-- WORK REQUEST --
Nothing but the pictures may be dropped; the rest of the listing is to be written out exactly.

-- STORED DATA --
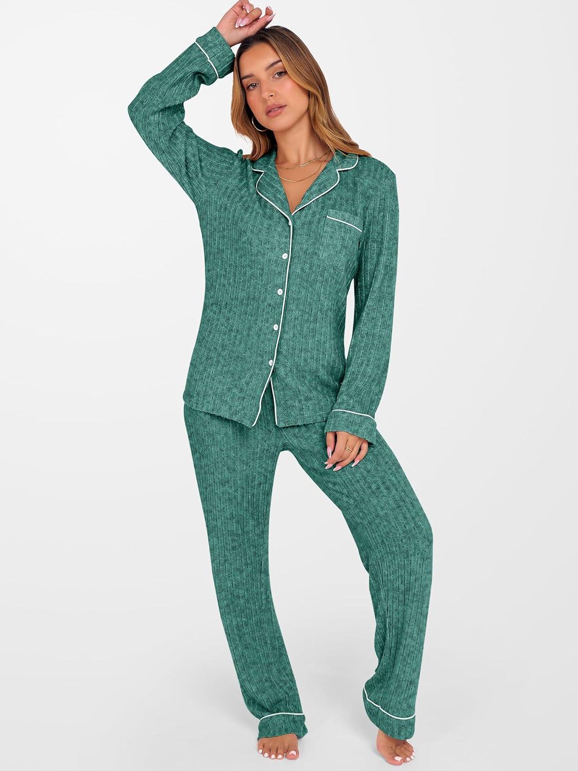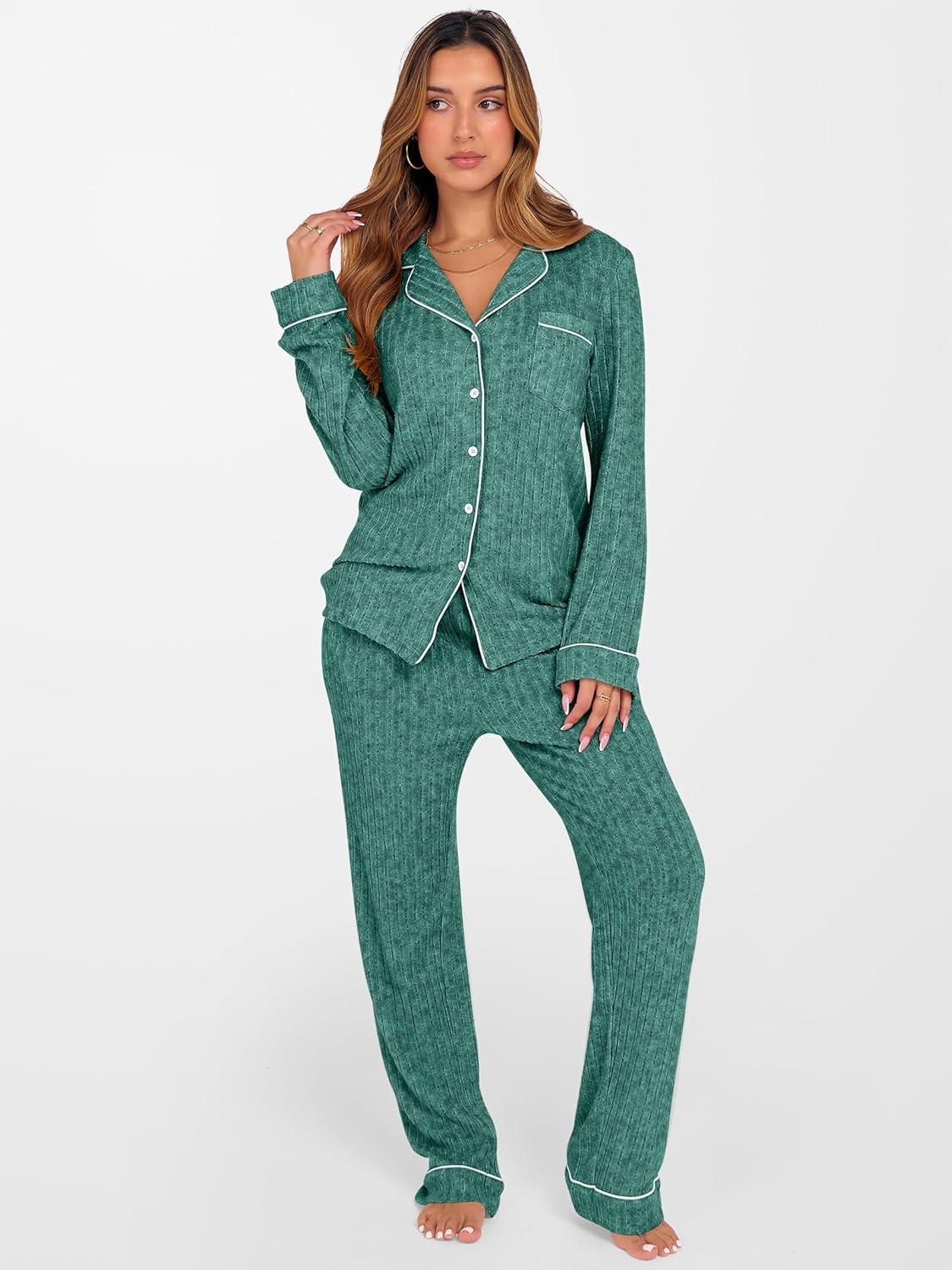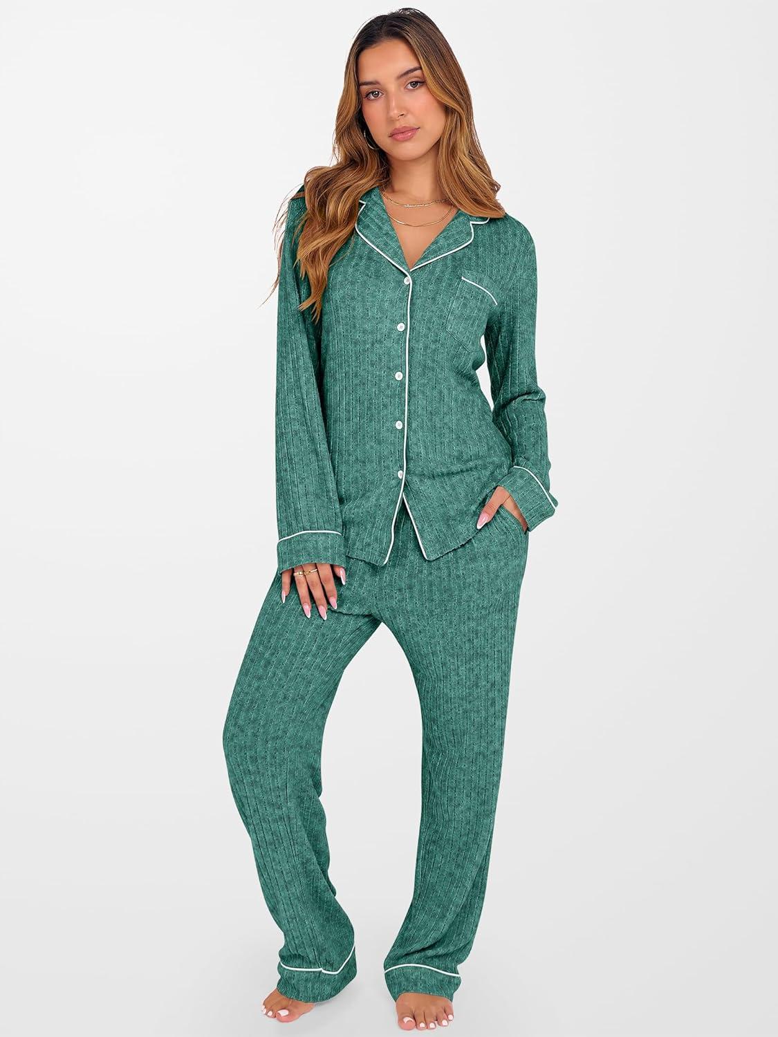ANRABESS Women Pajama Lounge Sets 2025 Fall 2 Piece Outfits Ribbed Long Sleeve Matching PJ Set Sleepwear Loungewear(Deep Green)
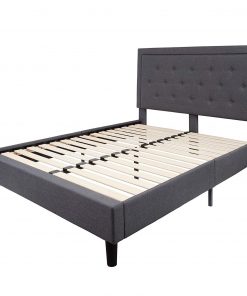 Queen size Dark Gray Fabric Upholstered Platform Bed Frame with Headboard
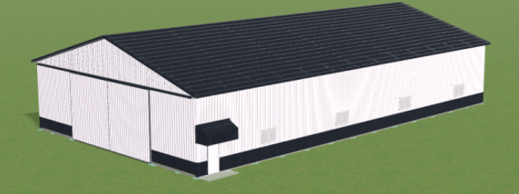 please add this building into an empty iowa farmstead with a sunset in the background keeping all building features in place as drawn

-- EXERCISE RESPONSE --
ANRABESS Women Pajama Lounge Sets 2025 Fall 2 Piece Outfits Ribbed Long Sleeve Matching PJ Set Sleepwear Loungewear(Deep Green)
 Queen size Dark Gray Fabric Upholstered Platform Bed Frame with Headboard
 please add this building into an empty iowa farmstead with a sunset in the background keeping all building features in place as drawn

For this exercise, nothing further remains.